I just posted the following on the Filson Bourbon Academy facebook page and I am curious as to what you think about it'
"At the turn of the 20th century the distilleries worked very hard to make straight whiskey a separate category of whiskey from blended whiskey. In 1897 they had Congress pass the Bottled-in-Bond Act of 1897. Bonded whiskey is by law straight whiskey, distinguished from blends by the strict regulations involved in the 1897 Act. The Pure Food and Drug Act of 1906 and the Taft Decision of 1909 further distinguished straight bourbon from “rectified” whiskey, defining the terms “straight whiskey”, “blended whiskey” and “imitation or artificial whiskey”.
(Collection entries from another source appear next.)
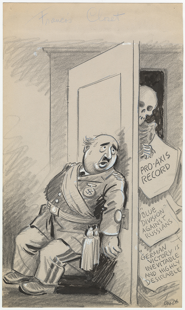 Title: Franco's Closet Creator: Knott, John Francis, 1878-1963 Date: August 5, 1945 Series: 17 - John Knott portrait drawings and cartoons/mode/exact; Knott cartoons, Dallas Morning News/mode/exact Description: This cartoon ran in the Dallas Morning News, August 5, 1945, Section 4, Page 6. Part Of: records, 1842-2007/ Physical Description: 1 drawing: 38 x 22.5 cm File: a2010_0001_17_02_01_108_frances_opt.jpg Rights: Please cite DeGolyer Library, Southern Methodist University when using this file. A high-resolution version of this file may be obtained for a fee. For details see the web page. For other information, . For more information and to view the image in high resolution, View knott ww2/field/all/mode/all/conn/and/cosuppress/ View 17 Knott/ View
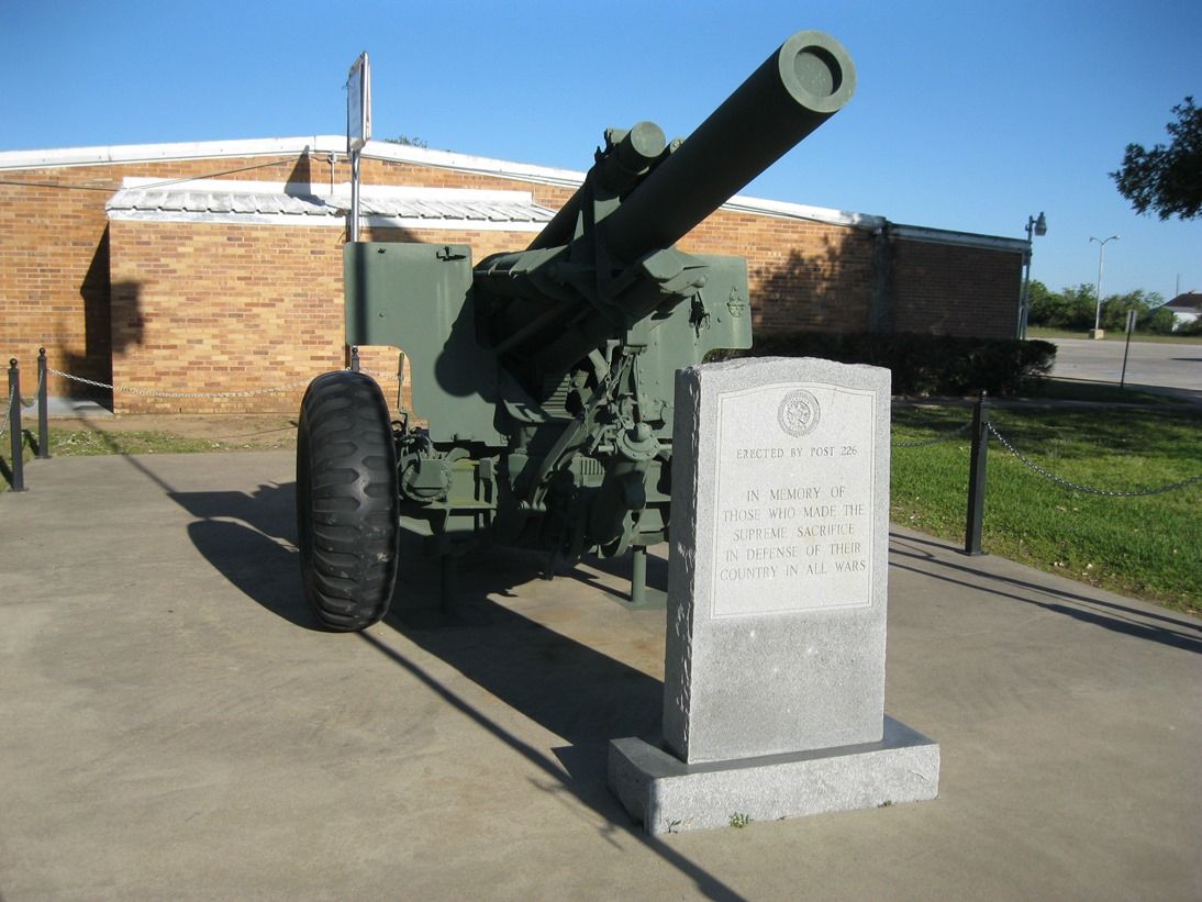 Photo shows a field artillery piece in front of American Legion Post 226 on Highway 60 in East Bernard, Texas. View is to the east.
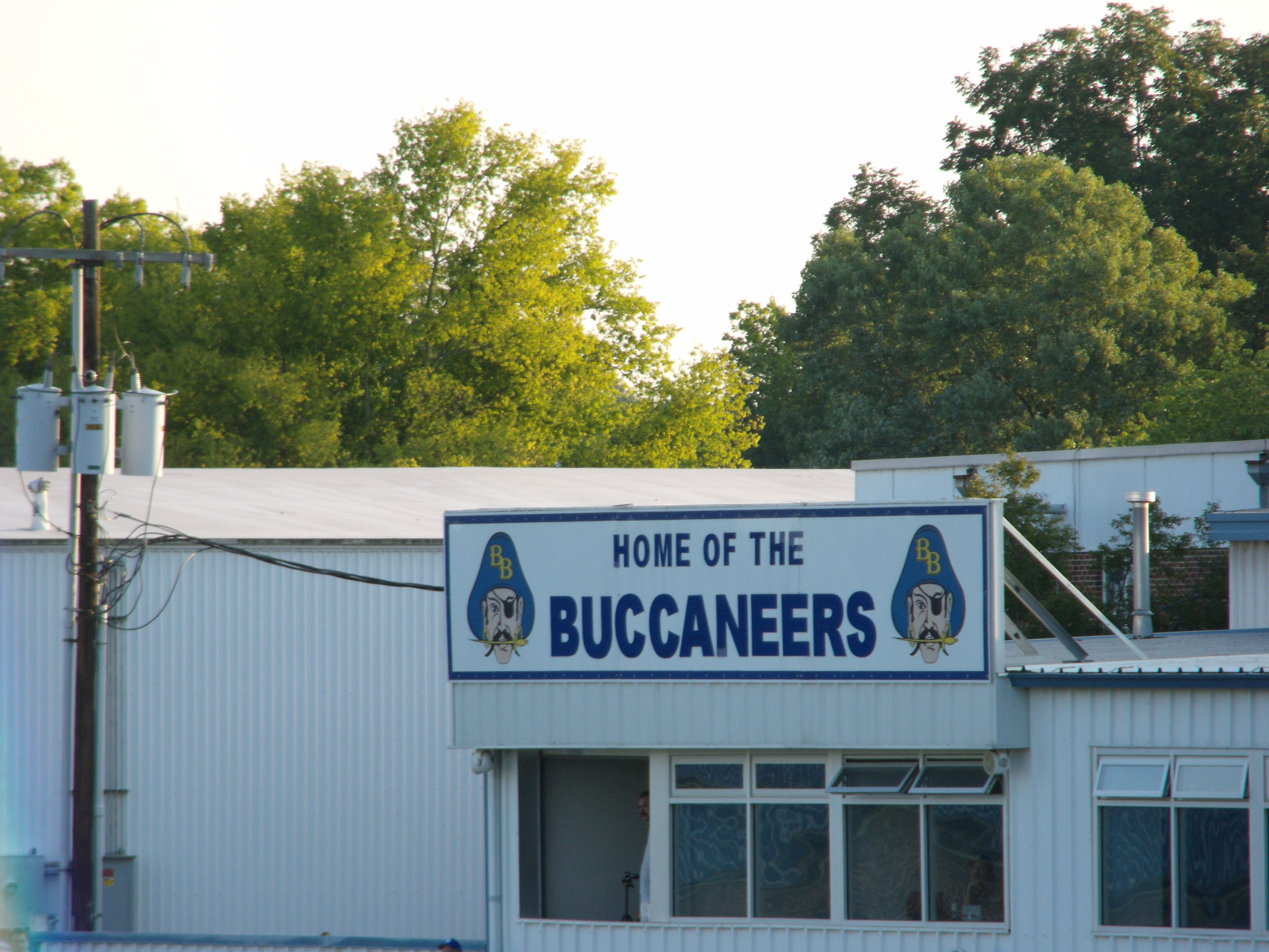 Boyd-Buchanan School football stadium pressbox.
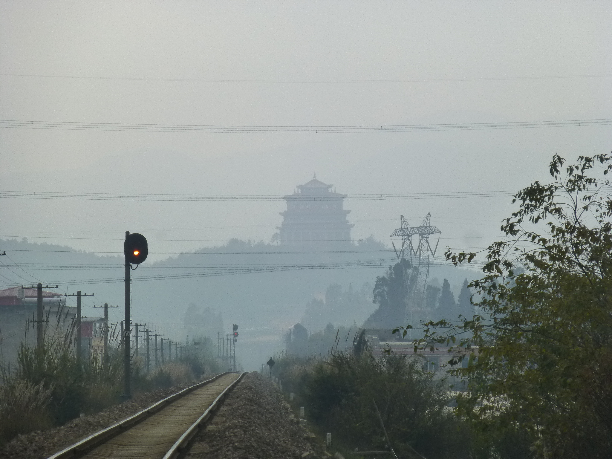 The Old Kunyang-Yuxi Railway at the crossing with China National Highway 213 (G213) near Dagucheng, in the southern part of Jinning County, Yunnan
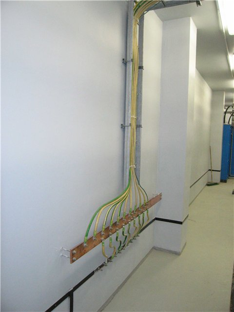 Main earthing busbar. Quite stranпe way to line from busbar to rods.
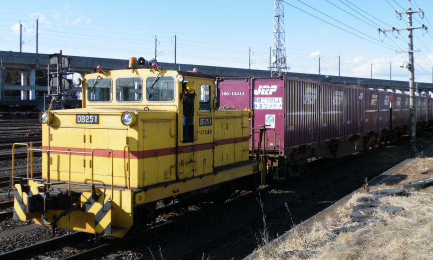 Freight train pulled by JT's 25t switcher type DB25 at Utsunomiya Freight Terminal in Tochigi Prefecture, Japan
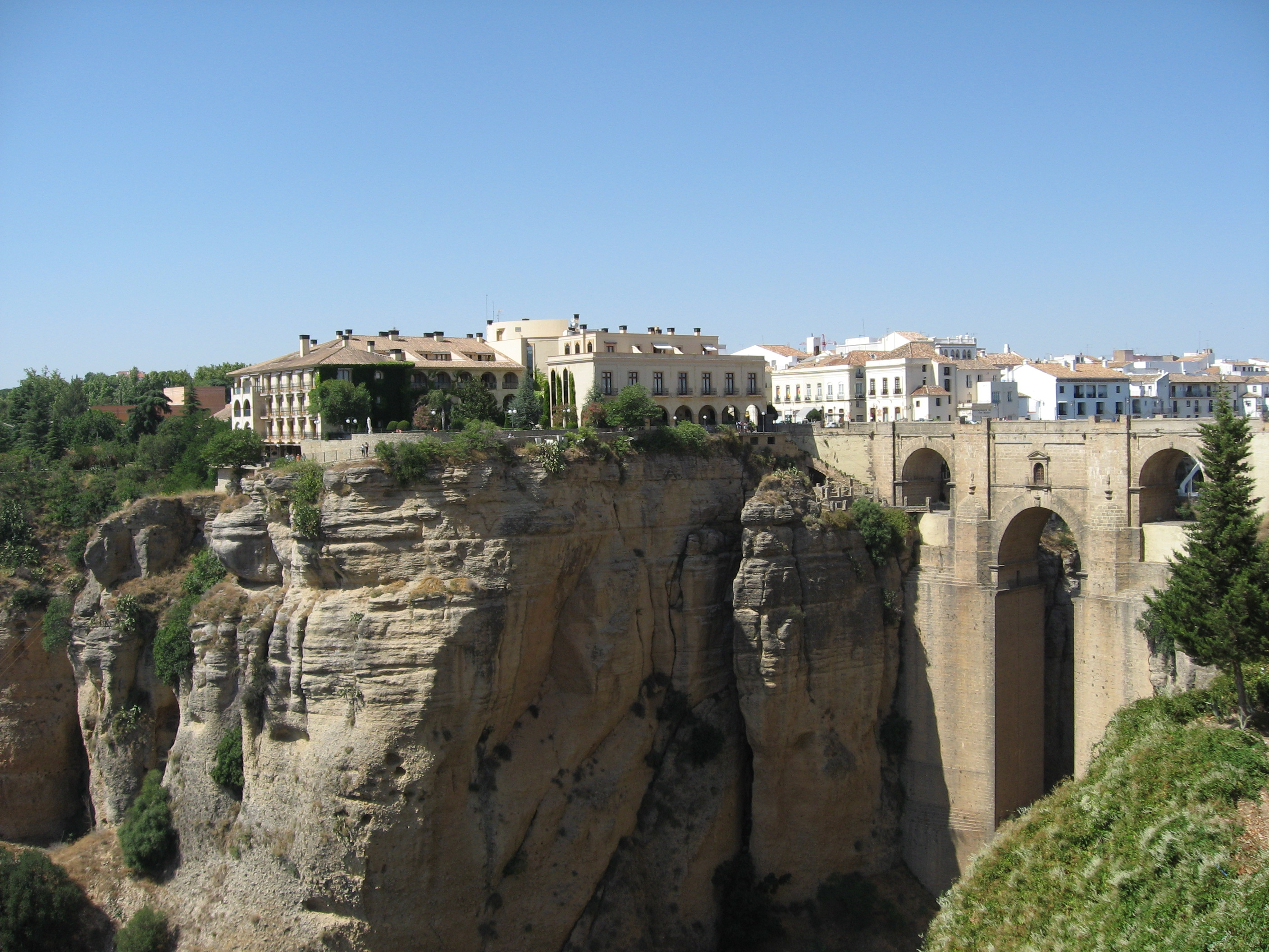 Bridge in Ronda
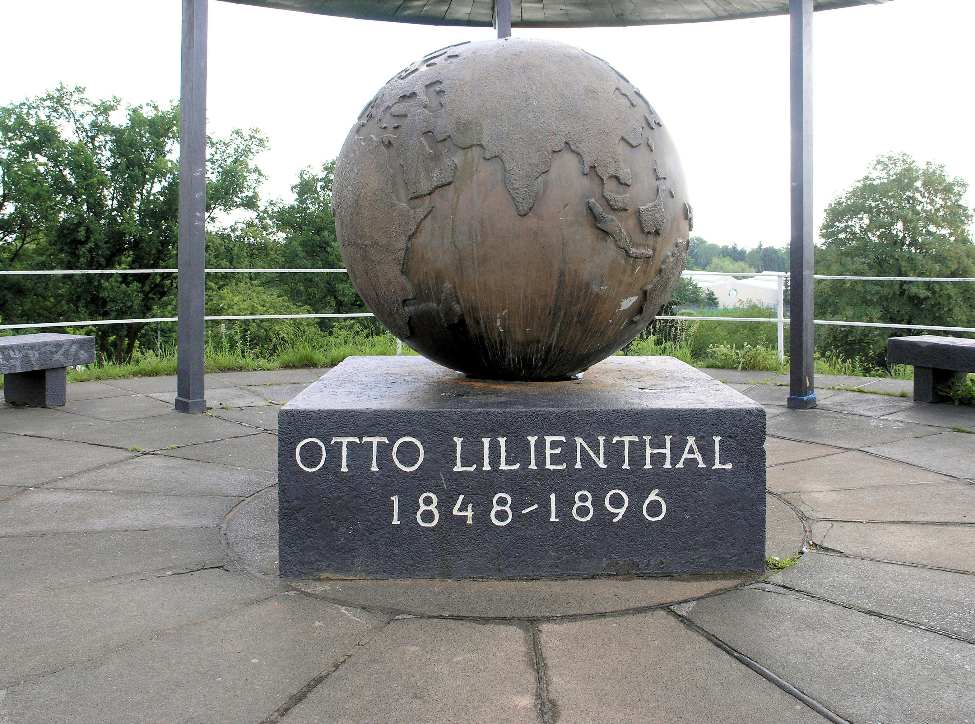 Memorial plaque, Otto Lilienthal by Alfred Trenkel, 1952, Schütte-Lanz-Straße 25, Berlin-Lichterfelde, Germany
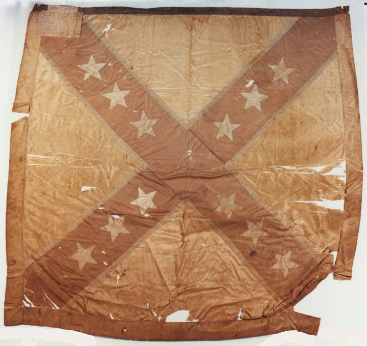 15th Alabama Infantry flag, Alabama Department of Archives and History

The end of the 20th century saw these gains reversed. First de-regulation in the Reagan era took the teeth out of the Bottled-in-Bond Act of 1897. No longer was there a tax stamp required with the information as to the season and year the whiskey was made and bottled so there was no way the consumer would know for sure the age and vintage of the whiskey. Then the government started allowing products to be called “Bourbon” after being put into used wine barrels for a period of time. Then they started to allow flavors to be added to whiskey and still call the product “Bourbon”. It seems the meaning of “Straight Bourbon” is being attacked from within and the person most harmed is the consumer. At the present rate Bourbon whiskey may be nothing more than another blended whiskey."
Is Bourbon slowly becoming just another blended whiskey?